For those of you who think you know what I mean by that, you don't.
What makes Ireland right is not the outcome of the vote, but that they took a vote of millions of people and not the backdoor shortcut of settling on 5 out of 9 judges to ram something down the throats of millions Without asking or allowing the 'governed' the right to have their say.
Libertarian.
Lots of people like to call it state's rights, but the principle is deeper than states, it means change should always be bottom up and not top down.
It's a harder road, a tougher path, but it's bathed in sunshine and not nearly so offensive. Now, some will be offended by my use of 'offensive' but I assure you that whatever side of the line you stand on, someone is offended. Just as some are offended by having to make wedding cakes, others are offended when the bakery turns them away.
It is one thing when five out of nine say "we unelected few have just rewritten the constitution by 'finding something' that nobody saw for hundreds of years'; that is a bitter and contentious pill for millions to be forced to swallow, and is more likely than not to fuel anger and rage against gays than to forward any good. BUT, when millions of your own countrymen, your neighbors, your cousins and uncles, cast their voice into the official record and the only poll that really matters, then there is no where to hide.
It is one thing when your teacher tells you Santa is not real, but something else entirely when everyone in your class says the same thing.
Before Ireland cast the vote, the only thing that was a certainty was that whoever lost would be offended by the results.
But there was something else that they knew before the votes were cast.
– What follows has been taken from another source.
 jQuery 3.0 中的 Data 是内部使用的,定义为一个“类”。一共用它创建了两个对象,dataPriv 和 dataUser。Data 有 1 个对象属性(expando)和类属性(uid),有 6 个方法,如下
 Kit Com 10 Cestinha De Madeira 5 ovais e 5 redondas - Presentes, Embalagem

They knew that if it was a landslide, that the losers could Not blame some unaccountable judge or a hundred tricky politicians, but that whatever the result, it would be the will of the governed.
The will of the people.
Libertarianism. It's another word for bottom up in a world of politicians that always think top down.
It doesn't matter if I agree or disagree with the outcome, so long as it is so loudly the will of the governed, and not the will of the elected few or the unelected 9.
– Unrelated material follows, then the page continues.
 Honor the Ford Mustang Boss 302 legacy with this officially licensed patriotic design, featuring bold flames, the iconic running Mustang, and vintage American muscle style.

I hope the activists in America see this for what it is, an example of the right way to do something.
It isn't the easy path, but giving women the vote didn't come from a 5-4 decision, it came from a constitutional amendment. If you want acceptance from the masses, you have to get it from the masses, you can't force the masses to accept it or else.
And that's not easy.
It's hard.
And it should always be hard.
Ireland did it the right way.
They convinced the people to accept it, and they voted that way.